(Items from a data source)
··········

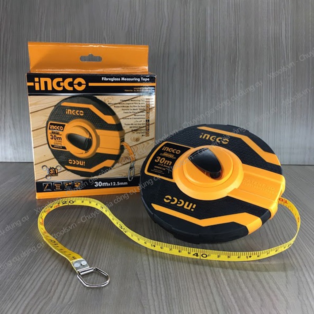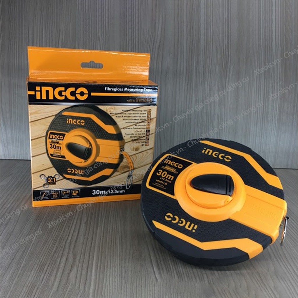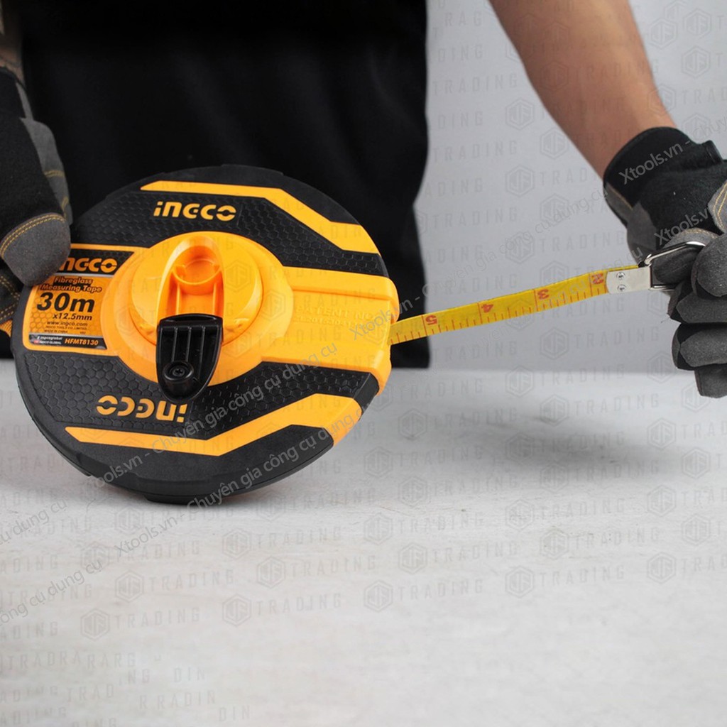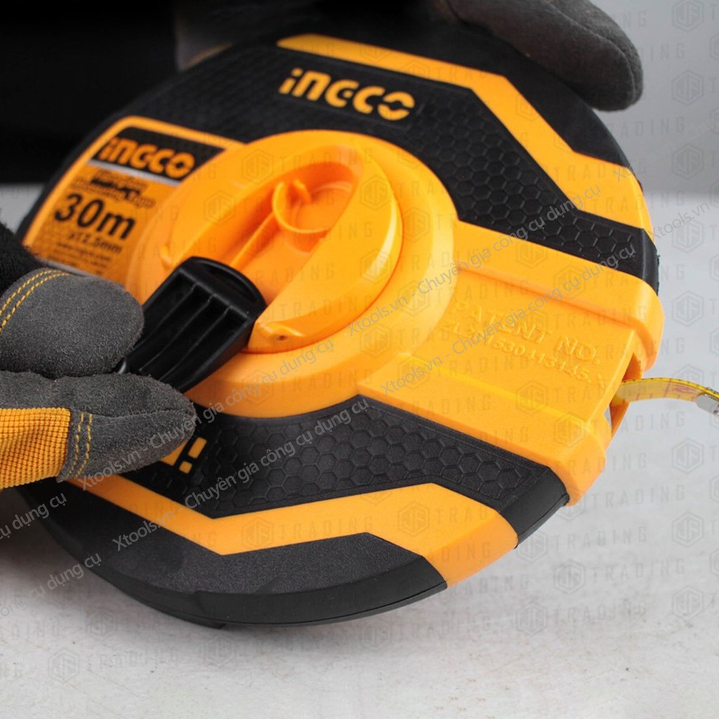 Thước dây cuộn sợi thủy tinh INGCO 20-30mx12.5mm, thước cuốn đa năng vỏ nhựa ABS bọc cao su siêu bền, tốc độ cuốn nhanh
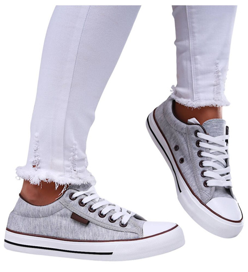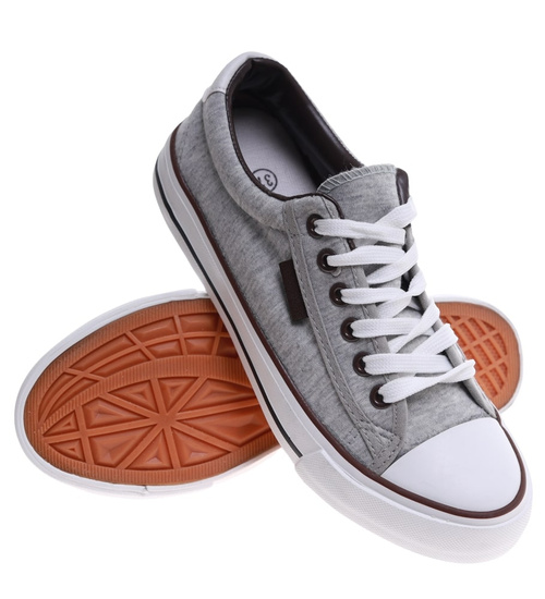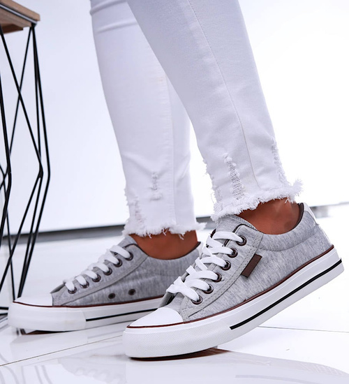 Szare klasyczne sznurowane trampki damskie /F10-2 16676 T187/
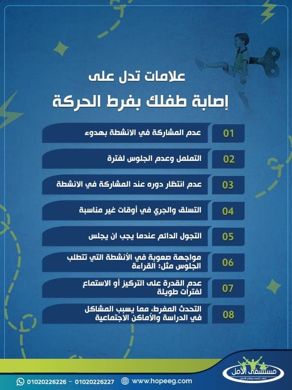 وهناك بعض العلامات التي توضح إصابة طفلك بفرط الحركة، وتشمل:-
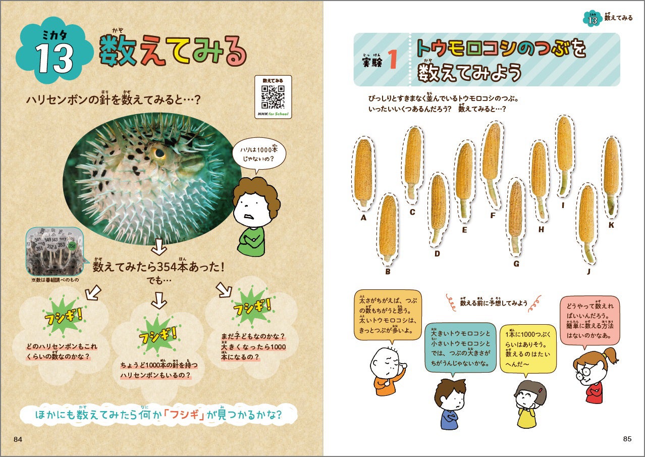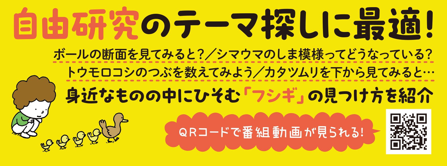 「数えてみる」「比べてみる」「大きくしてみる」など、毎回ひとつの「ミカタ」を取り上げ、その「ミカタ」を通して自分なりの「フシギ」を見つけて探っていきます。ボールの断面を見てみると? トウモロコシの粒を数えてみると? カタツムリを下から見てみると? ほんの少し見方を変えるだけで、たくさんのフシギが生まれ、もっと調べてみたくなるという、自由研究のテーマ探しにもぴったりの一冊です。番組の動画を見られる二次元バーコードも随所に掲載!
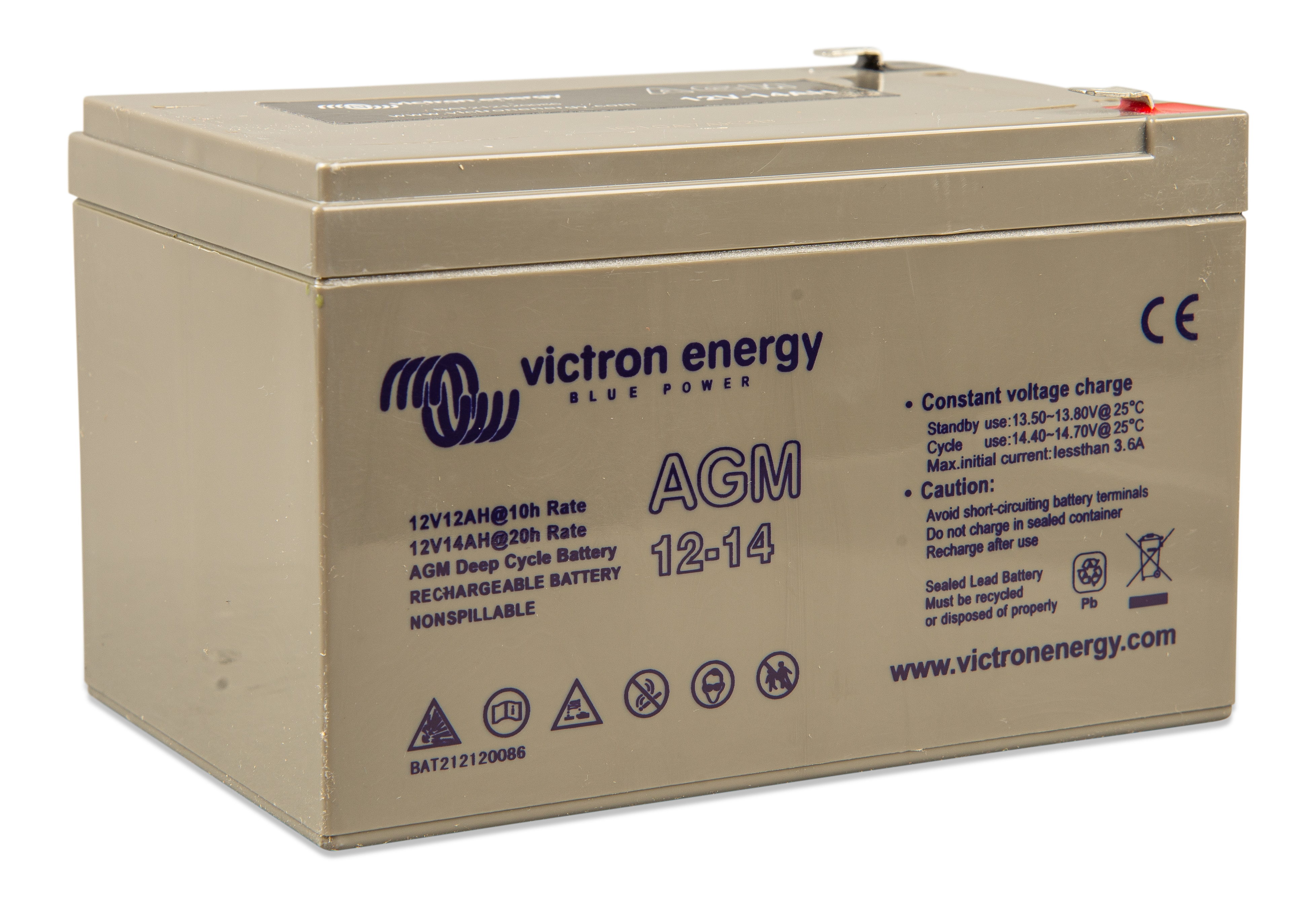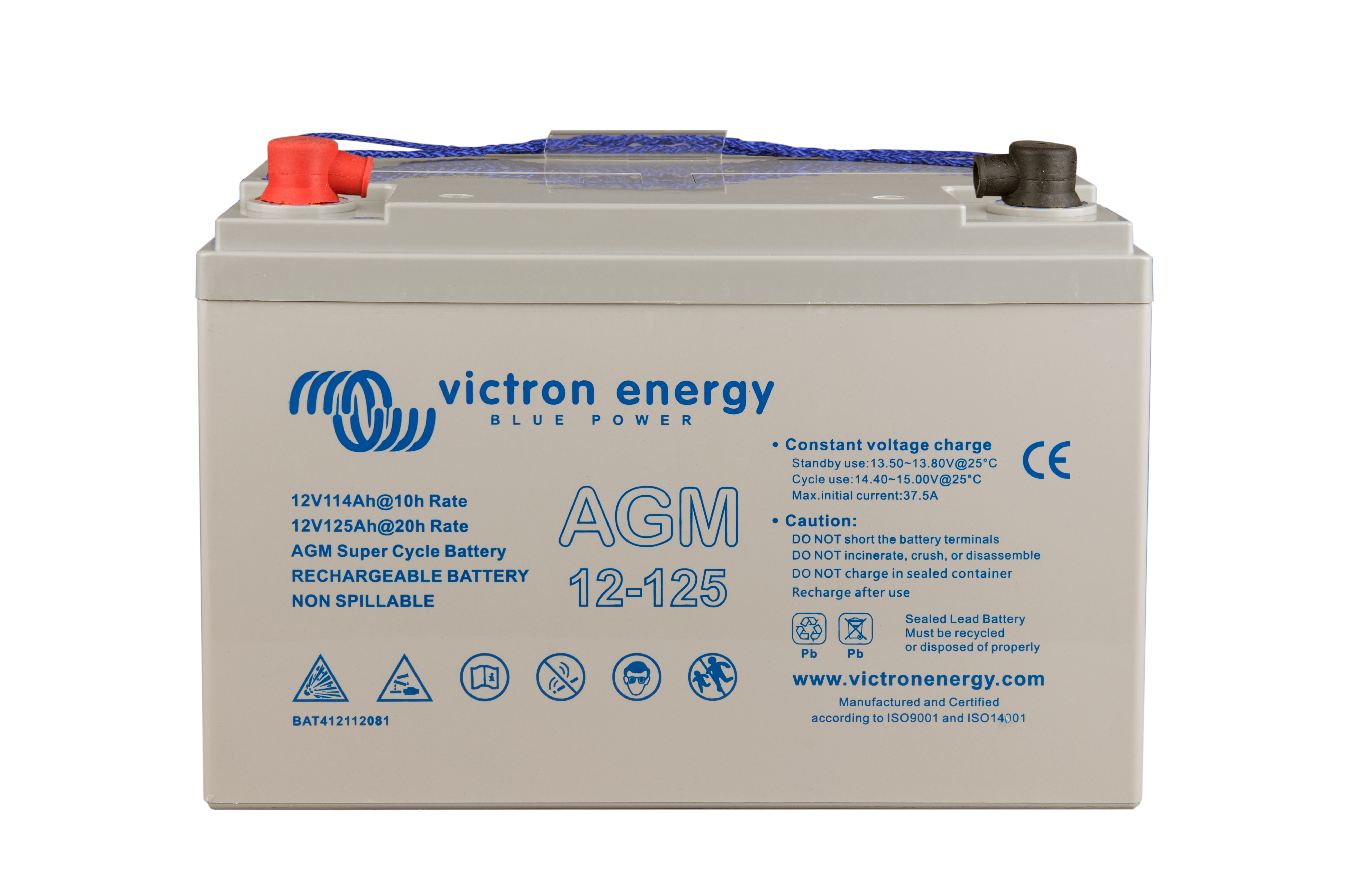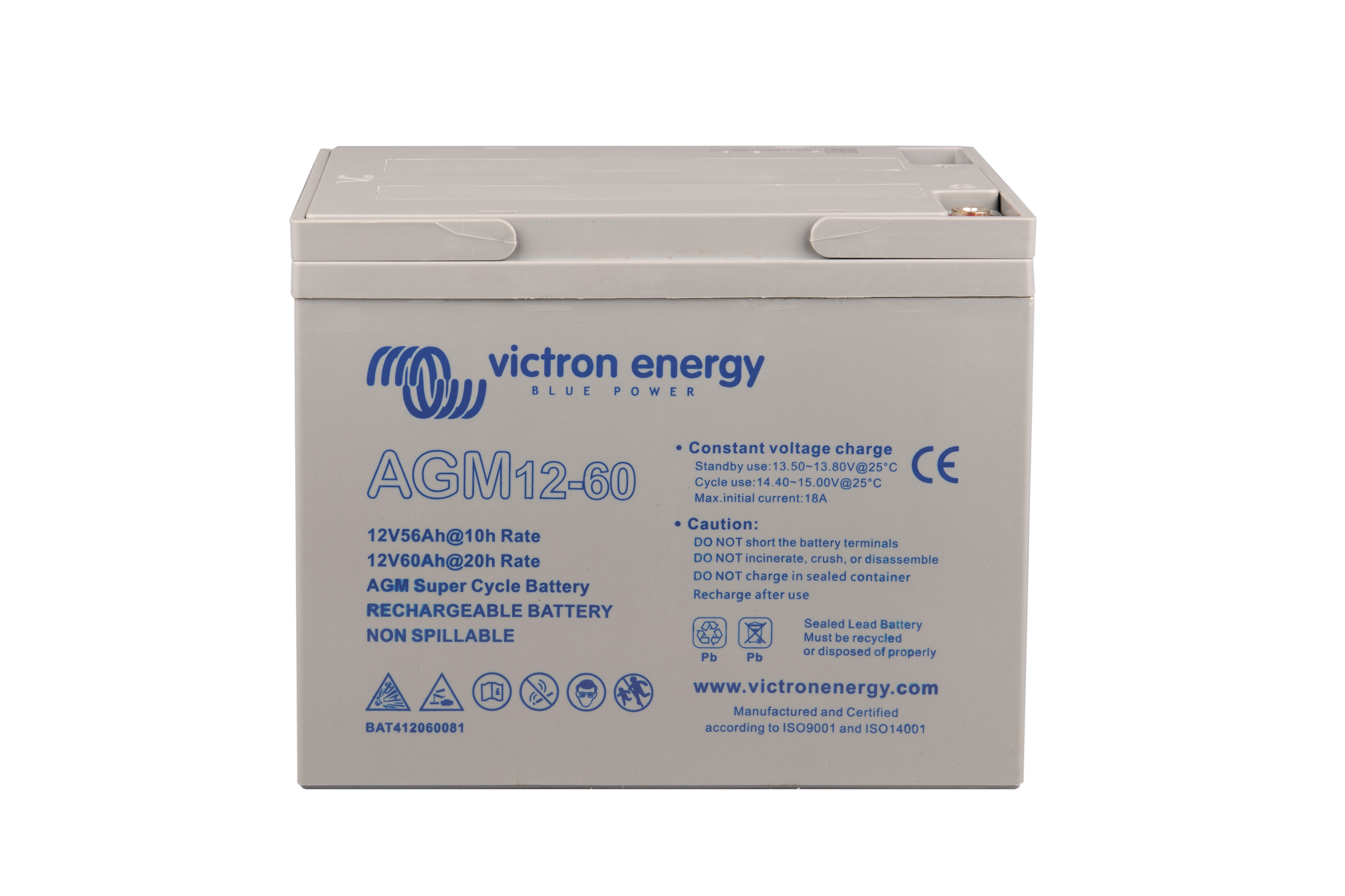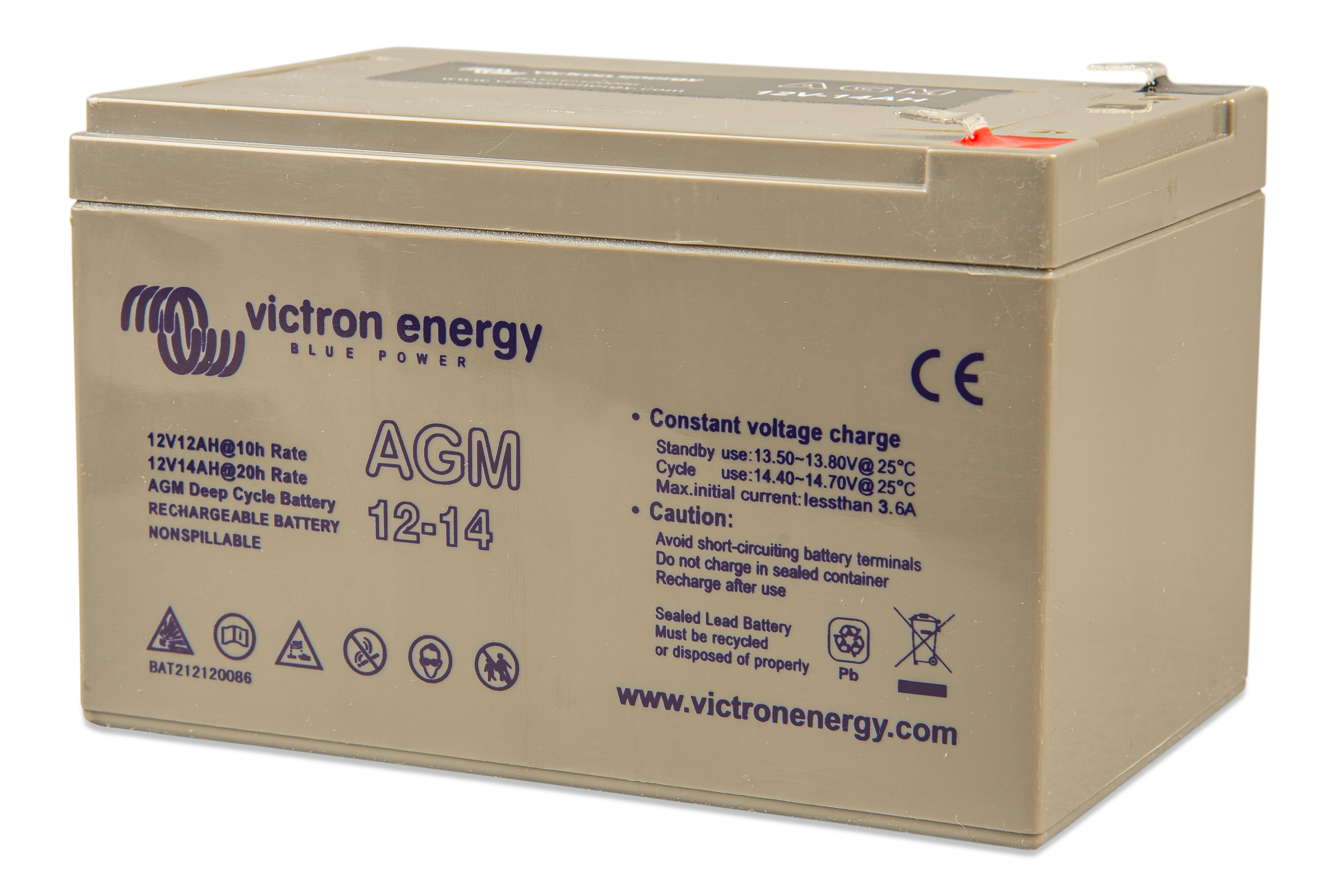 The GEL model range offers best deep cycle durability and overall longer life. The use of high purity materials and lead calcium grids ensure that for both AGM and GEL products have particularly low self-discharge so that they will not go flat during long periods without charge. Both ranges are supplied with M8 drilled, flat copper terminals ensuring best possible connection contact and eliminating the need for battery terminals. The batteries are compliant with both CE and UL specifications in ABS fireproof containers and come with Victron's 2 year world-wide warranty.

··········

_What is required_
Repeat the records above word for word. Pictures stay out of the copy.

_Response below_
 Thước dây cuộn sợi thủy tinh INGCO 20-30mx12.5mm, thước cuốn đa năng vỏ nhựa ABS bọc cao su siêu bền, tốc độ cuốn nhanh
 Szare klasyczne sznurowane trampki damskie /F10-2 16676 T187/
 وهناك بعض العلامات التي توضح إصابة طفلك بفرط الحركة، وتشمل:-
 「数えてみる」「比べてみる」「大きくしてみる」など、毎回ひとつの「ミカタ」を取り上げ、その「ミカタ」を通して自分なりの「フシギ」を見つけて探っていきます。ボールの断面を見てみると? トウモロコシの粒を数えてみると? カタツムリを下から見てみると? ほんの少し見方を変えるだけで、たくさんのフシギが生まれ、もっと調べてみたくなるという、自由研究のテーマ探しにもぴったりの一冊です。番組の動画を見られる二次元バーコードも随所に掲載!
 The GEL model range offers best deep cycle durability and overall longer life. The use of high purity materials and lead calcium grids ensure that for both AGM and GEL products have particularly low self-discharge so that they will not go flat during long periods without charge. Both ranges are supplied with M8 drilled, flat copper terminals ensuring best possible connection contact and eliminating the need for battery terminals. The batteries are compliant with both CE and UL specifications in ABS fireproof containers and come with Victron's 2 year world-wide warranty.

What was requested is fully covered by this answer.